OPINION OF THE COURT

delivered by LORD CARLOWAY, the LORD PRESIDENT

in the Reclaiming Motion by

JILL CLARK (A.P.)

Pursuer and Reclaimer

against

GREATER GLASGOW HEALTH BOARD

Defenders and Respondents

Pursuer: A Smith QC; Drummond Miller LLP

Defenders: CHS MacNeill QC, PM Stuart; NHS Scotland Central Legal Office

1 February 2017

Introduction
[1] This is a reclaiming motion (appeal) against the Lord Ordinary’s interlocutor of 12 February 2016 assoilzing the defenders in respect of the acts of their employees, notably a Dr Umstad and the midwifery staff at the Queen Mother’s Maternity Hospital, Yorkhill, during the labour of the pursuer’s mother, on 2 March 1992. However, the issue which the pursuer seeks to raise does not directly concern that interlocutor. The pursuer wants the court to review the Lord Ordinary’s earlier interlocutor of 18 December 2015, which refused to allow receipt of a Minute of Amendment after proof but before judgment. The Minute sought to introduce a claim of negligence on the part of a Professor Whitfield and other medical staff, including Dr Umstad, at Yorkhill when they saw the pursuer’s mother on, it is averred, 29 November 1992 and thereafter up until the rupture of the pursuer’s mother’s uterus during labour.

[2] The pursuer was granted leave to reclaim that interlocutor, but did not do so. The issues are whether the court should allow a challenge to that interlocutor now and, if so, whether there is a sound basis upon which to interfere with it.

Procedure
[3] The action was raised in September 2005, over 13 years after the pursuer’s birth. It was almost immediately sisted by the pursuer for investigations. The sist continued until November 2011 (over 6 years). Had the case progressed at a reasonable pace, it ought to have been concluded in the Outer House long before even the latter date. On 16 February 2012, it was appointed to a Procedure Roll debate in October 2012. Shortly before that, the pursuer lodged a Minute of Amendment. After the amendment process, a proof before answer was allowed and the normal timetable was set for the exchange of expert reports, witness lists and valuations.
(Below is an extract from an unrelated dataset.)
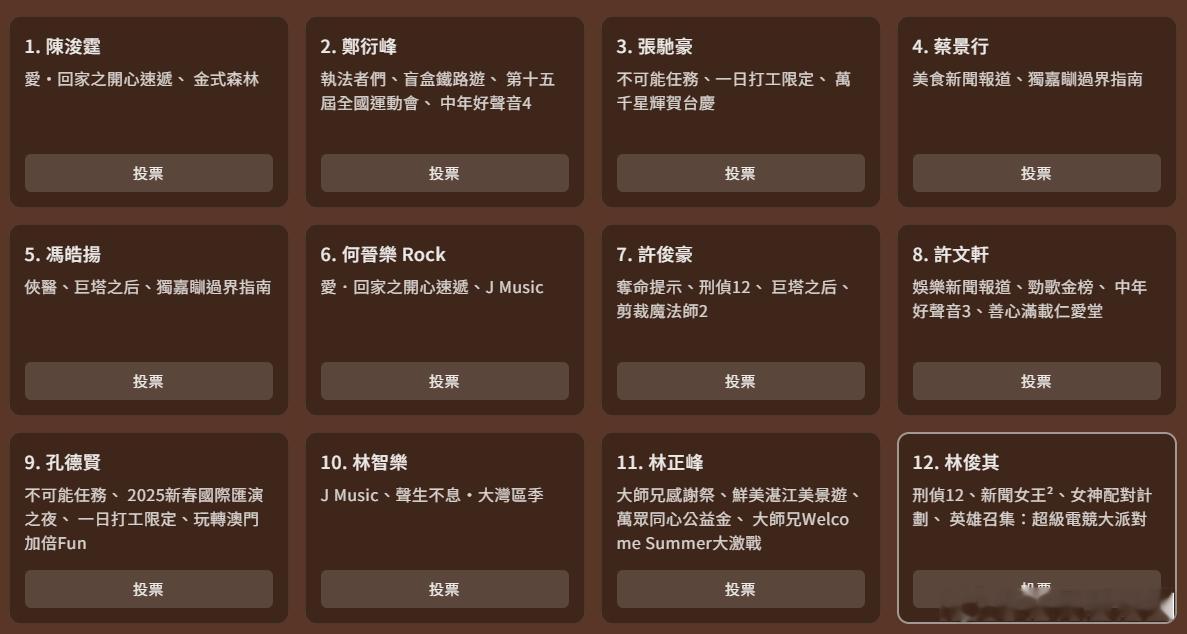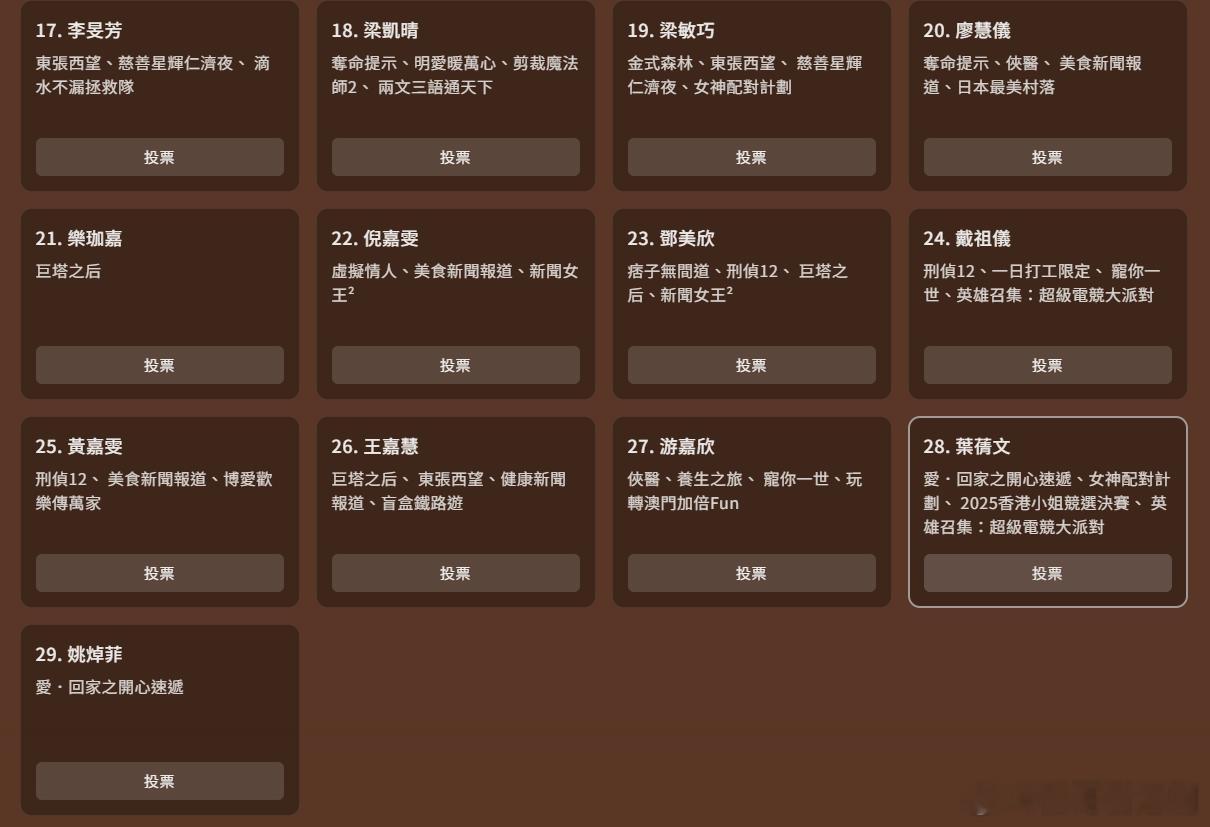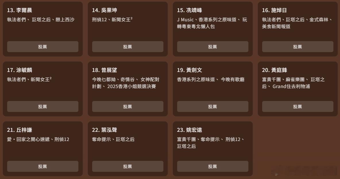 2025萬千星輝頒獎禮候选名单丨飞跃进步男、女艺人飞跃进步男艺人共23人获得提名,女艺人奖则有29人获得提名。

A pre-proof meeting was scheduled for 14 November 2014. The proof, which lasted 21 days, commenced on 6 January 2015. On 4 February 2015, the pursuer amended the conclusion by increasing the sum sued for tenfold from £1.5m to £15m. The proof concluded on 18 February 2015, when the Lord Ordinary made avizandum.

The Pursuer’s Averments on Record
[4] The pursuer’s mother had had a child by emergency caesarean section in 1990. On 29 November 1992 (sic 1991), when she was about 28 weeks pregnant with her second child, namely the pursuer, she had a pre-natal meeting with Prof Whitfield. He made a note, as follows:

“X-ray pelvimetry reveals small measurements, but with good uterine action and a not large baby not ‘impossible’. Reassess later (? 38/7 and see X-rays) probably allow labour”.

An additional note said: “Allow labour but watch for non-rotation of occiput.”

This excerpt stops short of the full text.